The two leaders are to resume their talks today in preparation for another meeting planned for Saturday to be attended by all three parties involved in the Bosnian conflict: the Bosnian Croats, the Serbs and the Muslims.

The United Nations Secretary- General, Boutros Boutros-Ghali, is due to chair today's talks with Presidents Tudjman and Izetbegovic and the President of the rump state of Serbia and Montenegro, Dobrica Cosic.

Mr Tudjman and Mr Izetbegovic held a detailed discussion on the provinces' possible borders, taking ethnic and economic factors into account, Mr Eckhard explained, adding that the stated aim of Mr Vance and Lord Owen was to 'avoid a crude ethnic division of Bosnia-Herzegovina' into three blocks as the Bosnian Serbs have demanded.

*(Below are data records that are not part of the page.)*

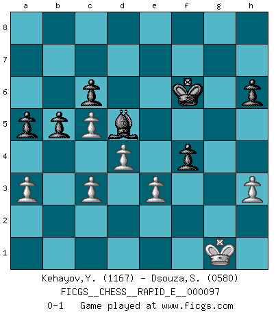 Last move : 0-1 2013 March 16 13:24:22 [Event "FICGS__CHESS__RAPID_E__000097"] [Site "FICGS"] [Date "2013.02.20"] [Round "1"] [White "Kehayov,Yulian"] [Black "Dsouza,Stanislaus"] [Result "0-1"] [WhiteElo "1167"] [BlackElo "0580"] 1.Nc3 e5 2.Nf3 d5 3.Nxe5 Be6 4.Nf3 Bb4 5.d4 Nf6 6.Bd2 Bxc3 7.Bxc3 O-O 8.e3 Ne4 9.Bd3 Nxc3 10.bxc3 h6 11.O-O Nd7 12.Qe2 Nf6 13.c4 c6 14.c5 Ng4 15.h3 Nf6 16.Nh4 Ne4 17.Bxe4 dxe4 18.f3 Qxh4 19.fxe4 Qxe4 20.c3 b5 21.Rf4 Qg6 22.a3 Rae8 23.Re1 Bd5 24.Qg4 Qxg4 25.Rxg4 Re6 26.Kf2 Rfe8 27.Rg3 Rf6+ 28.Kg1 Re4 29.Rf1 Rxf1+ 30.Kxf1 Re6 31.Ke2 Rg6 32.Kf2 Rxg3 33.Kxg3 f5 34.Kf2 a5 35.Kg1 Kf7 36.g3 g5 37.Kf2 Kf6 38.Kg1 f4 39.gxf4 gxf4 0-1 Dunst (Sleipner-Heinrichsen) Opening Kingside Castling by player Black (move 7) Kingside Castling by player White (move 11) Player Black won this chess game. Follow this game move after move (download)Bobby Fischer's current state of mind is indeed a tragedy. One of the world's greatest Chess players - the pride and sorrow of American Chess. (Frank Brady) Dein Körper muss in Topform sein. Dein Schach verfällt, wenn dein Körper verfällt. Der Körper kann nicht vom Geist getrennt werden. (Robert James Fischer) Todo se encuentra en un estado de flujo y esto incluye al mundo del Ajedrez. (Mikhail Botvinnik) Les ravages du H expliquent la différence de niveau entre Tal et Thal [Abergel]. Drag your thoughts away from your troubles... by the ears, by the heels, or any other way you can manage it. (Mark Twain)
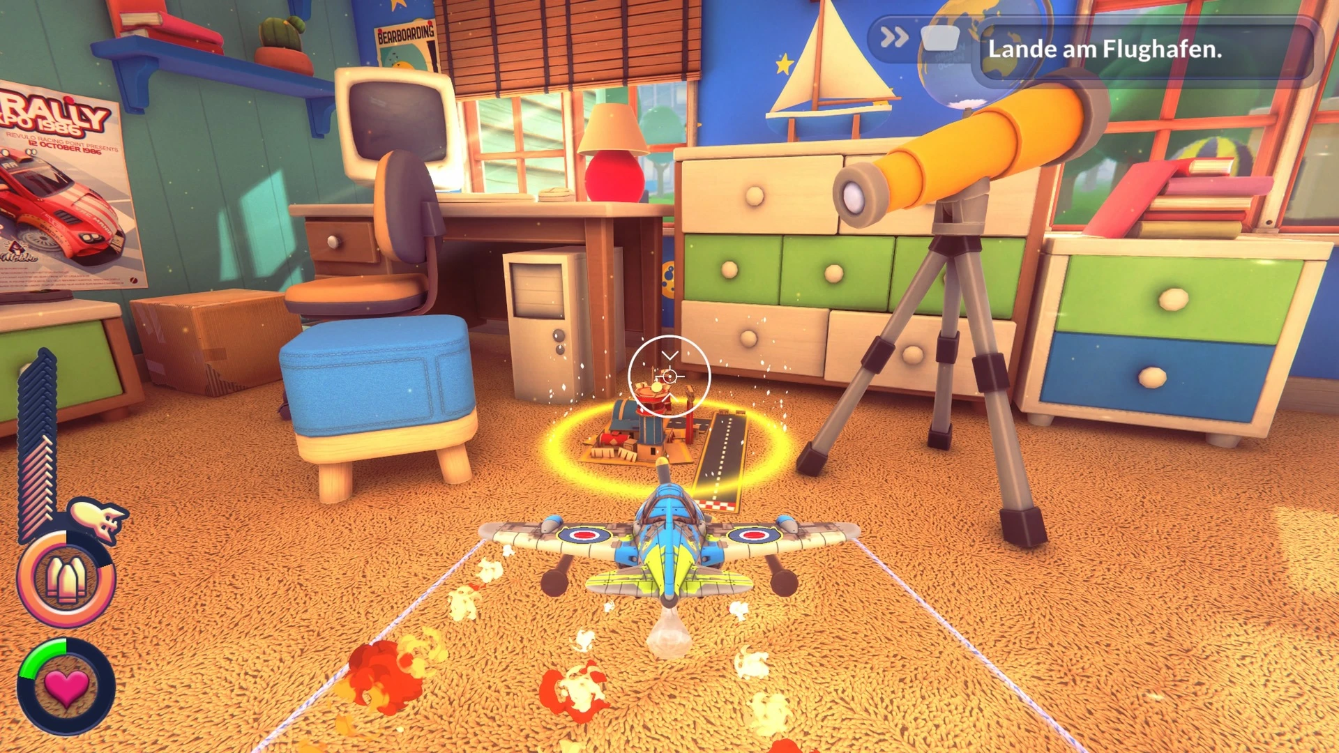 Die Story von House Fighters: Total Mess ist schnell erzählt. Fliegerass Lieutenant Green kehrt im Tutorial just dann zur heimischen Basis im Kinderzimmer zurück, als ein Angriff feindlicher Einheiten im Gange ist. Natürlich setzt Green alles daran, den bösen Angreifer Baron von Spielzeug zu vertreiben, was ihm schließlich gelingt. Fortan dient der kleine, aus Karton gefertigte Flughafen als Ausgangsbasis für unsere Abenteuer. Vom Kinderzimmer aus durchfliegen wir das durchaus geräumige Haus, welches wohl gerade in Teilen renoviert wird.
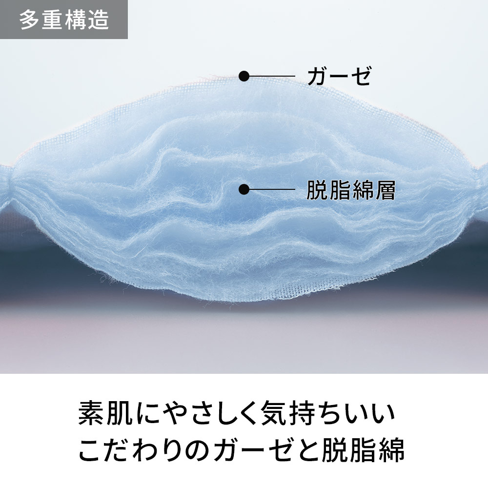 医療用レベルの純度まで不純物を取り除いた脱脂綿とガーゼで、水分をサッと吸収。しっかりとふき取れて気持ちがいい!
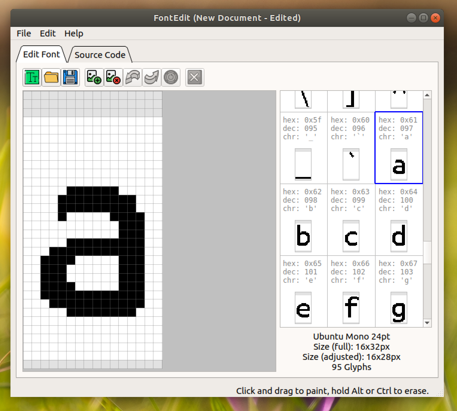 You can edit font glyphs with a minimal editor that's controlled with a mouse and keyboard. Click and drag the mouse to set pixels (making them black), hold Alt or Ctrl (⌘) to erase. Use touchpad scroll (mouse wheel) with Ctrl (⌘) to zoom the editor canvas.
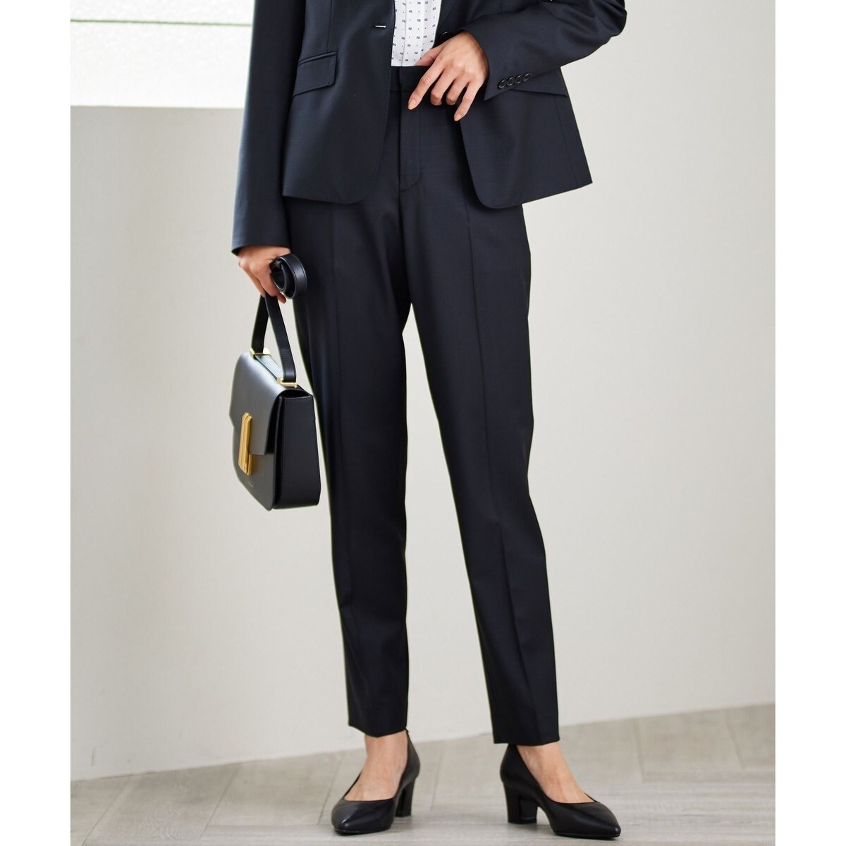 すっきりとしたシルエットのテーパードパンツ。脚を美しく見せるシルエットにこだわった1本。ジャケットとスタイリングした時にバランスの良いレングスに仕上げています。カラーはベーシックな無地のブラック(#005)、上品な印象のネイビーストライプ(#175)、細かい柄でシーンを問わないグレーミニチェック(#304)の3色展開です。
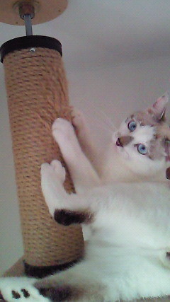 バリバリバリバリ!「ちらっ」バリバリ!何故か爪とぎの合間に私を見る。
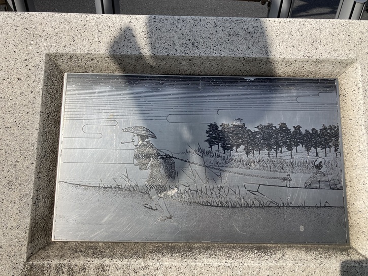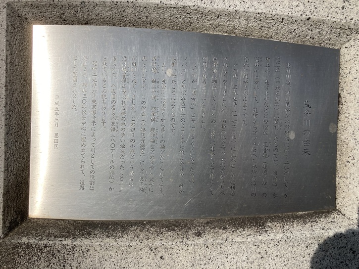 これは広重の「木母寺内川御前栽畑(名所江戸百景)をレリーフにしたものです。徳川将軍の食膳に供する野菜を栽培する畑を御前栽畑といい、ここの内川(入江)を船で出入りすることができました。

Lord Owen and Mr Vance have invited the leaders of the Croatian, Serbian and pro-government communities of Bosnia-Herzegovina to submit maps contributing to the creation of a republic with about 10 autonomous regions under a loose central authority based in Sarajevo.

While the peace talks were under way, Sarajevo Radio reported that Bosnian Serb forces fired two surface-to-surface missiles into the besieged northern Muslim town of Gradacac. It said a second Luna missile hit the town at 10am amid heavy shelling and an infantry assault. The first missile struck at 7.30am. The radio said it was not known if there were casualties.

Serbian forces have intensified attacks on Gradacac and on joint Muslim and Croatian lines around nearby Serb-held Brcko. Both towns lie within a vulnerable Serbian corridor across northern Bosnia linking Serbia with areas of Croatia now controlled by ethnic Serbs.

British United Nations troops in Bosnia came under mortar fire twice within hours on Saturday, an army spokesman said. In the first attack, near the eastern town of Tuzla, one officer and two civilians were wounded. The second attack took place on a road dubbed 'Bomb Alley' near the eastern town of Kladanj.

Serbian forces fired three mortar bombs at a convoy of four British Warrior armoured troop carriers, the spokesman said. There were no casualties. 'Everybody who goes down that road is running on a tightrope,' said one British officer.

Bosnia has rejected a plea to evacuate 1,500 people from its capital, Sarajevo, saying the plan brokered by Lord Owen was based on ethnicity. 'This was a scheme based on black sheep and white sheep and sheep of a third colour and we rejected it,' said Bosnia's Vice-President, Ejup Ganic, yesterday.

However, a United Nations official scheduled to discuss the plan with Bosnian government officials yesterday was optimistic that the evacuation might still go ahead. Lord Owen, who visited Sarajevo last week, asked the Bosnian government to permit three groups of 500 people from each of the country's main population groups - Muslims, Serbs and Croats - to leave Sarajevo over the Christmas holidays as a gesture of goodwill. The plan originated with rebel Serbs besieging the city.